Fig. 6 Micropatterned ice cube tray scaffolds support prearranged orientation of seeded PRs.

(A and B) Maximum intensity projections of scaffold whole mounts seeded with CRX+/tdTomato-PRs (red) revealed that PRs plated on scaffolds express PRPH2 (6A, green) and VGLUT1 (6B, green). DAPI-labeled cell nuclei and PGS autofluorescence are shown in blue. (C) PRPH2+ outer segments were often oriented perpendicular to the base of the scaffold (magnified in underlying image). (D) Expression of presynaptic marker VGLUT1 (green) primarily localizes to the top portion of the scaffold. 3D renderings (C and D) are 644 μm by 644 μm by 20 μm.

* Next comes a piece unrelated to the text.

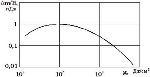 Из рисунка видно, что эти зависимости близки к линейным для всех рассмотренных материалов, что свидетельствует о неизменном соотношении между жидкой (кластерной) и парообразной фазой. Для стеклоуглерода характер разрушения несколько изменяется, стабилизируясь при плотности энергии в тысячу раз превышающей порог абляции, порядка 10000 – 12000 Дж/см2.

In conclusion, we have described state-of-the-art microfabrication and micromolding processes for generating biodegradable, microstructured, ultrathin scaffolds that support the formation of a dense layer of hPSC-derived PRs. Analysis of the scaffold’s mechanical properties reveals favorable advances in the uniformity of stress distribution and the extent of deformation for optimal scaffold handling in downstream surgical applications. Furthermore, in vitro experiments underscored the potential of ice cube tray scaffolds to serve as an organized delivery system for more than 300,000 hPSC-PRs in a single 5-mm-diameter (19.63 mm2) scaffold (approximately the area of the human macula, see eq. S2). PGS ice cube tray PR scaffolds exhibited not only a higher cell payload capacity and decreased biomaterial burden but also optimal donor PR orientation for integration in transplantation studies. We expect that hPSC-PRs delivered on PGS scaffolds will be better poised to survive and function after transplantation and will prevent or eliminate cell reflux and disorganization. Future studies will be aimed at assessing scaffold-mediated delivery in small and large animal models of outer retinal disease and damage, exploring minimally invasive surgical approaches, and optimizing manufacturing strategies for scale-up and good manufacturing practice production of PR-seeded scaffolds. In addition, the scaffold micromolding and microfabrication strategies developed here may prove useful for high-density, layered, and oriented cell replacement in other tissues throughout the body.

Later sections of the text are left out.